# Avere da + verbo



## Calogero Dimino

ha da fare
ha da lavorare
ha da pagare

Mentre nel primo caso è legato all'espressione "è impegnato", negli altri casi l'uso di "ha da" seguito da un verbo all'infinito mi ricorda molto l'italiano regionale campano.

L'uso è corretto e tranquillamente accettato per un italiano più "standard"?


----------



## nikis

Per quanto mi riguarda non mi ricorda il campano.

Avere da = Dovere


----------



## Lucy Van Pelt

Neanche io penso che sia campano, anzi pensavo fosse toscano visto che da noi si usa.


----------



## Silvia10975

Per quel che riguarda la mia zona, vedo di uso comune l'espressione "ho da fare". Le altre le sostituisco sempre con il verbo dovere.


----------



## Zorinik

In generale sono espressioni conosciute in tutta Italia, in alcune regioni sono più comuni, in altre un po' meno; ricorda tanto l'"have to" inglese ^^


----------



## gabrigabri

Beh, non si può sempre sostituire a "dovere".

"Ho da mangiare" non significa "devo mangiare", no?


----------



## nikis

gabrigabri said:


> Beh, non si può sempre sostituire a "dovere".
> 
> "Ho da mangiare" non significa "devo mangiare", no?


 

Perchè "ho da mangiare" è italiano??

Forse mi sfugge il significato....


----------



## neutrino2

nikis said:


> Perchè "ho da mangiare" è italiano??



Certo che lo è!!!!! 

Ho da mangiare = ho qualcosa da mangiare, oppure devo mangiare, a seconda del contesto.

Esempi: 

I bambini africani non hanno da mangiare.
Stasera ho da mangiare tutta la carne che ho scongelato ieri, se no va a male.


----------



## nikis

neutrino2 said:


> Certo che lo è!!!!!
> 
> Ho da mangiare = ho qualcosa da mangiare, oppure devo mangiare, a seconda del contesto.
> 
> Esempi:
> 
> I bambini africani non hanno da mangiare.
> Stasera ho da mangiare tutta la carne che ho scongelato ieri, se no va a male.


 

Oh cavolo!! Non ci avevo pensato.....


----------



## Saoul

neutrino2 said:


> I bambini africani non hanno da mangiare.
> Stasera ho da mangiare tutta la carne che ho scongelato ieri, se no va a male.

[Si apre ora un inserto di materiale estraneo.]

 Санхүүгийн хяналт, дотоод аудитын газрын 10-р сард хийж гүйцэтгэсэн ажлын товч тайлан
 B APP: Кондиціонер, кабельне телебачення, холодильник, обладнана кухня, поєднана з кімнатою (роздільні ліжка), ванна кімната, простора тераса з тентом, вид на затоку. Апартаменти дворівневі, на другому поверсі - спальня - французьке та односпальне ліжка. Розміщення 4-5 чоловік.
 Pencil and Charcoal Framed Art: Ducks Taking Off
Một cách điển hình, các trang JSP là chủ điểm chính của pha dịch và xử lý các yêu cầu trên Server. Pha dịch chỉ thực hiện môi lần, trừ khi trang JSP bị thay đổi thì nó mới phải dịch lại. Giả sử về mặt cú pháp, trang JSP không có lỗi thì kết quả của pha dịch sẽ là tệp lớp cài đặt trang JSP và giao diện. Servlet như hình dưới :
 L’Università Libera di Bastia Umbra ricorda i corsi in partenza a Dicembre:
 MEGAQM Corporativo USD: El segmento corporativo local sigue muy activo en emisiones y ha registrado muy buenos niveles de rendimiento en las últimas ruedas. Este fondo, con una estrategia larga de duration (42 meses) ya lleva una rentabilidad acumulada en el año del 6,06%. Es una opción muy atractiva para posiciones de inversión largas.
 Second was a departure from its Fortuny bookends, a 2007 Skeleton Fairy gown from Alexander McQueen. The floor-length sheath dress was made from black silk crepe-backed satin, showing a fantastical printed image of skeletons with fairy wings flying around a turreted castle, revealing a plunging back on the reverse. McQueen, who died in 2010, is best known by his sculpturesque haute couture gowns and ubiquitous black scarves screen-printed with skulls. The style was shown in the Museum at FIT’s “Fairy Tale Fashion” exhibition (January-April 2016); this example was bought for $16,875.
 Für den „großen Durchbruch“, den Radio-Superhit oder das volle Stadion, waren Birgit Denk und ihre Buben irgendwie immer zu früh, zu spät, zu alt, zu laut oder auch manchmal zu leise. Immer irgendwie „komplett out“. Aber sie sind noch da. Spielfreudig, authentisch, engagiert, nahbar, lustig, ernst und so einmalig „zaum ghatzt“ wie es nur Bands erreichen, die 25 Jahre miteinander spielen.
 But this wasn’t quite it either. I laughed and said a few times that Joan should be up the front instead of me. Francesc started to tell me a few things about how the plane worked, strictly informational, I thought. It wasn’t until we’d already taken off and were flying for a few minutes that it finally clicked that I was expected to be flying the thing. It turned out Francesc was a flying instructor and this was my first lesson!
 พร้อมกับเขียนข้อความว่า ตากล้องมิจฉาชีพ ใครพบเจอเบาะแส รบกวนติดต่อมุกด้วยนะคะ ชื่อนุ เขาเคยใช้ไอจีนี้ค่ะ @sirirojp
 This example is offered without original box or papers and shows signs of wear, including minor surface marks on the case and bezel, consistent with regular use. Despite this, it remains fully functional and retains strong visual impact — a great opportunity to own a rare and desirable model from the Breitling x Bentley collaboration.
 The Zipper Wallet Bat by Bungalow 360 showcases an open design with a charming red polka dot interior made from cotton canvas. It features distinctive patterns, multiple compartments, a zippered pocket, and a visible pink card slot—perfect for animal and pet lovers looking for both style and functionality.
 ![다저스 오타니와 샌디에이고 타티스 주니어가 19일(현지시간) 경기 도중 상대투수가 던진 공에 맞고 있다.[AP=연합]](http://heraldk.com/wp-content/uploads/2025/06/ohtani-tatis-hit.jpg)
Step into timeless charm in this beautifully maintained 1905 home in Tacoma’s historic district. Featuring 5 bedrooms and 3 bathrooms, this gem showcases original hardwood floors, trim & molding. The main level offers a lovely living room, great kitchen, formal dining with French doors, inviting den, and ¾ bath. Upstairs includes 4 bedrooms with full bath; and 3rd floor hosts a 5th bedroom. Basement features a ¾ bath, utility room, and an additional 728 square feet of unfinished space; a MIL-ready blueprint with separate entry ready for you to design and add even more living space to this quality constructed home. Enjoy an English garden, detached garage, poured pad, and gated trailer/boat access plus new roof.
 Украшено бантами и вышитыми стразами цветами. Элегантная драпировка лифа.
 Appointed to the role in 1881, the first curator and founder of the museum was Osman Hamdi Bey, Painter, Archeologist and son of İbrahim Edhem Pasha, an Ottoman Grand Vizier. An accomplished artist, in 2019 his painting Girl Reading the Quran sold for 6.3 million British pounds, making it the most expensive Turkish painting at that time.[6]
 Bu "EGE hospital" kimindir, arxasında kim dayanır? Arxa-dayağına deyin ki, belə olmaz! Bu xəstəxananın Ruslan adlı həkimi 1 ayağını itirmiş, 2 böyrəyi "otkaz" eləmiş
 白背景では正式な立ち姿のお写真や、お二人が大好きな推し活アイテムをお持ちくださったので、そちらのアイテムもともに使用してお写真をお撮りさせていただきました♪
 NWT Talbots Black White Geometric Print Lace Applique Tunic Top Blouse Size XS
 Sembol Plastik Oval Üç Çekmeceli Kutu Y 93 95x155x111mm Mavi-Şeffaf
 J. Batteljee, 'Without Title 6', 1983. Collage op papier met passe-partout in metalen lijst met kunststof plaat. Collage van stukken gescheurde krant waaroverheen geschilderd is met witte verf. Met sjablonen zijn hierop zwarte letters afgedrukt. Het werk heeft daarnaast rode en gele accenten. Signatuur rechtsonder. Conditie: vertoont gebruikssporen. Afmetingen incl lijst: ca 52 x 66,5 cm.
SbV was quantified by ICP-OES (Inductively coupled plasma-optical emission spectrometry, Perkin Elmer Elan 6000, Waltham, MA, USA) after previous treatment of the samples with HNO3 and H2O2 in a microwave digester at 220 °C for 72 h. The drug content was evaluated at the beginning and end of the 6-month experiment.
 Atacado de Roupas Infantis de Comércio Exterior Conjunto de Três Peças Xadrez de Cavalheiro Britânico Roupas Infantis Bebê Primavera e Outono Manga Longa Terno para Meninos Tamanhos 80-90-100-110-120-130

Però qui i due "avere da" sono diversi.

Nel primo è un semplice "avere cibo", nel secondo è nel senso di "dovere".

Basta fare la prova e sostituire "avere da" con dovere per dimostrarlo.
La prima frase è da brividi. La seconda ha assolutamente lo stesso significato dopo la sostituzione.

A mio personalissimo avviso, se il primo utilizzo, che accorpo a quello di "avere da fare", è ovviamente grammaticalmente ineccepibile, storto un po' il naso sull'uso di "avere + da" nel senso di dovere. Mi suona, ma ripeto, è una mia personalissima opinione, dialettale e poco raffinato.
Sicuramente non mi verrebbe da scriverlo in testi ricercati.


----------



## Silvia10975

Sono assolutamente d'accordo con te Saoul, è anche il mio di personalissimo avviso!


----------



## neutrino2

Saoul said:


> Però qui i due "avere da" sono diversi.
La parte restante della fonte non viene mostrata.